Indeed the adage seems to have roots in Chinese, as well as in Spanish, English and Irish culture. It appears to be universal.

As writer John Allen Paulos asked in his 2009 commentary, Why do we believe that catastrophes come in threes? “The persistence of this belief is difficult to explain since the case for it is so easily demolished.”

Paulos goes on to point out that one reason for the tendency to hold on to the “three connection” is because of a “sort of number mysticism.”

There is something mysteriously mysterious about the number three.

Three is the first odd prime number, “the triangle is a stable shape ... the fraction 1/3 is .3333333, et cetera.”

He offers what he considers a more compelling “reason,” noting from a psychological standpoint, the structure and the relatively limited complexity of our brains easily accommodates the number.

Huh?

Paulos notes the appeal of the trinity in Christianity and other religions, and even the setup of popular jokes built around the number three, for example, “a priest, a minister and a rabbi …”

But more persuasive is his argument that people naturally seek patterns even if they are pointless mumbo-jumbo; it’s a way, he says, that people can gain a sense of control over the uncontrollable.

He points us to Michael Eck’s web page, “The Book of Threes” in which Eck notes “countless examples of the ubiquity of threeness.”

As an example, in a group of just 23 people Paulos points out, there is a 50 percent chance that two of them share a birthday or death date, though not necessarily in the same year.

So what’s the point?

I’m not sure there is one; I just happened to realize recently I have been going to an awful lot of funerals lately, or hearing about the passing of distant friends and acquaintances and celebrities and that they seem to be coming in groups of threes.

Of course, we are all more apt to notice the passing of celebrities just because they are so overly publicized; who could not help but notice, for example, if you can recall, that in 1959 the “Big Bopper,” Richie Valens, and Buddy Holly all died together, or that rockers Jim Morrison, Janice Joplin and Jimmy Hendrix died within weeks of each other in 1970, and that more recently, Farrah Fawcett and Ed McMahon both died within days of each other.

But it’s not just funerals; its births, weddings, divorces, even politics.

Remember the names Ensign, Craig and Vitter? How about Sanford, McGreevy and Spitzer?

And more eerily, Kennedy, King, Kennedy ... all shot down during the turmoil of the ’60s?

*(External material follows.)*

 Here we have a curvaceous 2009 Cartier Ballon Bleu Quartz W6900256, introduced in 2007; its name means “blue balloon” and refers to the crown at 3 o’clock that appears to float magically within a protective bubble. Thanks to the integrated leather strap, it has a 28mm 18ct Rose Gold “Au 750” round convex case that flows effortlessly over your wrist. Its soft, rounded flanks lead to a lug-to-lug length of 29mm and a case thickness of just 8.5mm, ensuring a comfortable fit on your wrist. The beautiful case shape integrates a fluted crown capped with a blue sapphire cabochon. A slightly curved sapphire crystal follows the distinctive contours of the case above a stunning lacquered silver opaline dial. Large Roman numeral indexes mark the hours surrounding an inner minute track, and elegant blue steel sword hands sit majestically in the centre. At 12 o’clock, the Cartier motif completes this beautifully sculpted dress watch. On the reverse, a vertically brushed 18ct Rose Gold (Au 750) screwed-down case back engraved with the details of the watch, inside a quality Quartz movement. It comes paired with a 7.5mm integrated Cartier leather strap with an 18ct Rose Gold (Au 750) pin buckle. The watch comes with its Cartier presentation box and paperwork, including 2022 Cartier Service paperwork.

So, is there something to it, or not? Real or not we wonder.

After the attempted assassination of Congresswoman Giffords, security officials prepared for what many believed was the inevitable copy-cat repetition of the maniacal deed, and since the embarrassing resignation of Congressman Christopher Lee, many may be waiting for what they may believe to be the inevitable next shoe to drop.

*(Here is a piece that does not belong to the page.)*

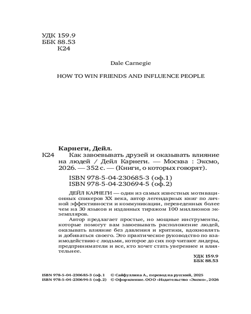💳 Оплатить за товар можно при получении 🇰🇿 Есть бесплатная доставка по Казахстану от 1 дня 🎁 Копите бонусы с каждой покупки Серия: Книги, о которых говорят Дейл Карнеги — один из самых влиятельных мотивационных спикеров XX века, автор легендарных книг по личной эффективности и коммуникации, переведенных более чем на 30 языков и изданных общим тиражом свыше 100 миллионов экземпляров. Его принципы просты, но удивительно действенны. Они помогают завоевывать доверие, вдохновлять людей, влиять без давления и критики, строить отношения, основанные на уважении и взаимопонимании. Эта книга — практическое руководство по взаимодействию с людьми, которое до сих пор читают лидеры, предприниматели и все, кто хочет стать увереннее, убедительнее и успешнее. |

Who knows what might lie ahead?

On a more positive note, it would certainly be good to add something encouraging to the relatively recent good news that the unemployment rate dropped slightly, and that manufacturing and automobile sales are up dramatically. Wouldn’t it be good to hear that earnings, spending and savings are up as a direct result, and that the economy is headed back in the right direction?

Would it be too much to look for some good news, for example that the high-school drop-out rates have fallen off while the graduation rates have begun to rise and that graduates are finding work, going to college or entering vocational training?

How about a triad of announcements that real progress is being made toward curing cancer, ending polio and that the high incidence of heart diseases in our community is being dramatically reduced?

When it comes to bad things happening in threes, hopefully there really is nothing more than simple coincidence at work here, and the notion is nothing more than folklore and superstition.

In reality, there is no good reason to stop counting at three. Especially when we’re counting the good things.